My partner and I have been together for 6 years and although we’re not civilly married, I was wondering what our rights were in case of an accident or death. We currently rent and don’t own our house, but we do have various other assets such as stocks and savings. Neither of us have made a will. What would happen to the surviving partner if the worst was to happen? Would my assets go directly to him?
Thank you for your time
Steve N. Tunbridge Wells
The simple answer is no. Currently co-habiting partners have no (automatic) legal right to inheritance from their Partner’s estate unless such inheritance is granted in a Will. Only assets that are held Jointly (such as Joint Bank Accounts) will pass to the surviving Partner by the process of Survivorship and requires the simple removal of the deceased Partner’s name from the account etc; such assets are not affected by the presence (nor contents) of any Will. In the case where the deceased Partner left no Will (or a defective/invalid Will) all assets held in the deceased Partner’s sole name will pass according to the Laws of Intestacy. The Laws of Intestacy stipulate who will inherit the estate in a strict order of priority of blood relatives, spouse/civil partner, children, parents, siblings and so on and so forth, co-habiting Partners do not feature in this list!

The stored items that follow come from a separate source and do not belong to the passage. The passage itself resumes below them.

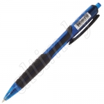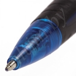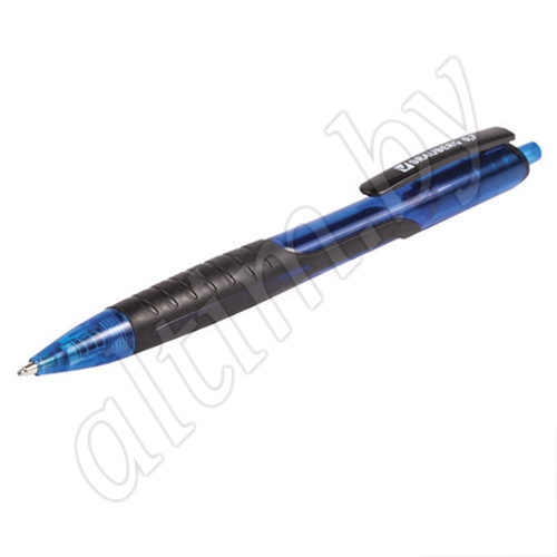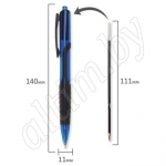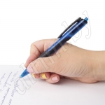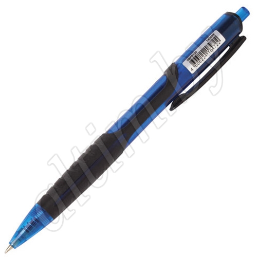 Имеет круглый корпус синего цвета с прорезиненными вставками и резиновым грипом в зоне захвата для удобства письма.
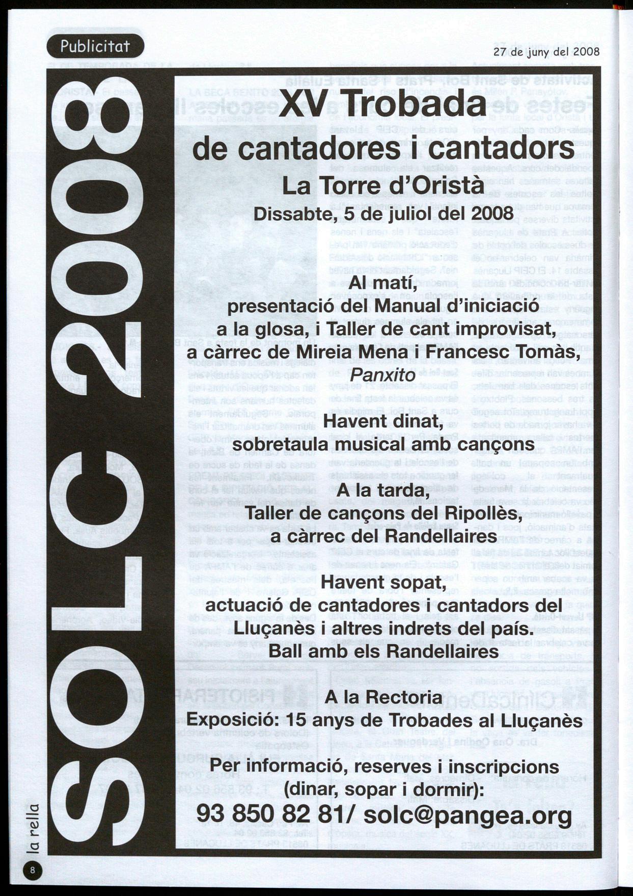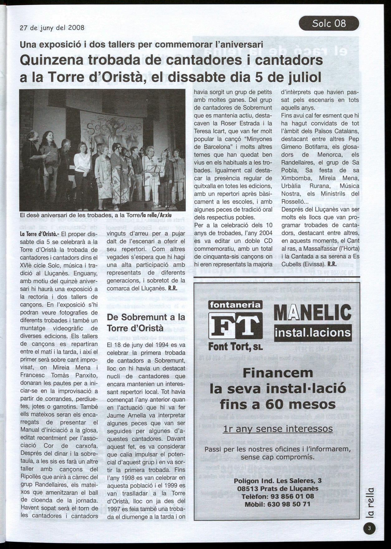 La Torre d'Oristà.- El proper dissabte dia 5 se celebrarà a la Torre d'Oristà la trobada de cantadores cantadors dins el XVlè cicie Solc, música i tradició al Lluçanès. Enguany, amb motiu del quinzè aniversari hi haurà una exposició a la rectoria dos tallers de cançons. En l'exposició s'hi podran veure fotografies de diferents trobades també un muntatge videogràfic de diverses edicions. Els tallers de cançons es repartiran entre el matí i la tarda, i així el primer serà sobre cant improvisat, on Mireia Mena Francesc Tomàs Panxito, donaran les pautes per a iniciar-se en la improvisació a partir de corrandes, perdiuetes, jotes o garrotins. També ells mateixos seran els encarregats de presentar el Manual d'iniciació a la glosa, editat recentment per l'associacio Cor de carxofa. Després del dinar la sobretaula, a les sis es farà un altre taller amb cançons del Ripollès que anirà a càrrec del grup Randellaires, els mateixos que amenitzaran el ball de cloenda de la jornada. Havent sopat serà el torn de les cantadores cantadors
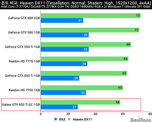 Å×½ºÆ® °á°ú °¶·°½Ã ÁöÆ÷½º GTX 650 Ti GC´Â ÃÖ°í ¿Âµµ·Î 58¡É¸¦ ±â·ÏÇÏ¿© ºñ±³ ´ë»ó Áß Á¦ÀÏ ³ªÀº ¹ß¿ ÇØ¼Ò ´É·ÂÀ» º¸¿´À¸¸ç, ƯÈ÷ ·¹ÆÛ·±½º Á¦Ç°¿¡ ºñÇØ¼µµ 5¡É °¡·® ³·Àº ¿Âµµ¿©¼ ÀÚü ±Ô°ÝÀÇ Ä𸵠¼Ö·ç¼ÇÀÇ È¿À²¼ºÀ» ÀÔÁõÇÏ¿´´Ù.
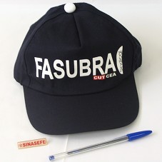 DOIS BONÉS PRETOS, IDÊNTICOS, COM A INSCRIÇÃO 'FASUBRA / CUT/CEA / SINDICAL' E UM BROCHE (1X4 CM) DA SINASEFE.
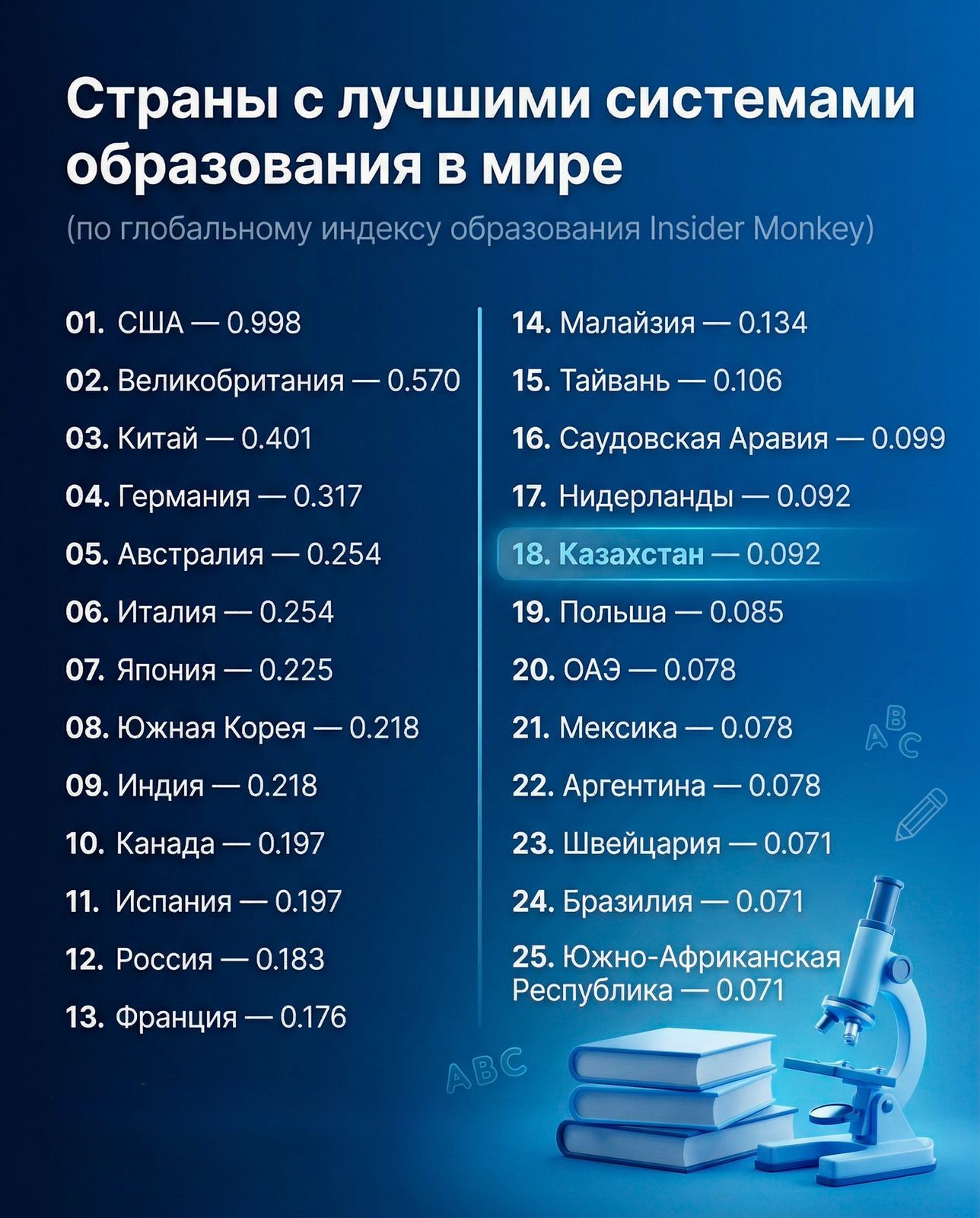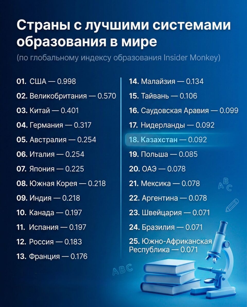 Казахстан занял 18-е место в рейтинге Insider Global Education Index, набрав 0,092 балла и войдя в группу стран с устойчиво развивающимися и международно интегрированными образовательными системами.

My advice would be to always seek professional advice of a Solicitor to draw up appropriate “Mirror” Wills to ensure that the loved ones left behind are not unwittingly disinherited through inaction.
This response is not intended to constitute legal or other professional advice, and should not be relied on or treated as a substitute for specific advice relevant to particular circumstances. Individuals should always seek legal advice from a professional which is specific to their unique set of circumstances.
More About The Author
You can find out more about Matt at http://uk.linkedin.com/pub/matt-parr/37/373/135
Matt works with individuals and their families to help them negotiate the many pitfalls they can encounter when planning for their future by providing pragmatic, bespoke advice. Being a member of the LGBTQ community himself, Matt is particularly keen to ensure that he offers an open door for those within the community wishing to obtain advice without fear of judgment or discrimination.
Matt advises his clients on tax-efficient estate planning options which could include the preparation of wills, trusts, deeds of gift and deeds of variation. As well as administering estates and preparing lasting powers of attorney. Furthermore, Matt also works with organisations wishing to become charities or alter their organisation’s structure.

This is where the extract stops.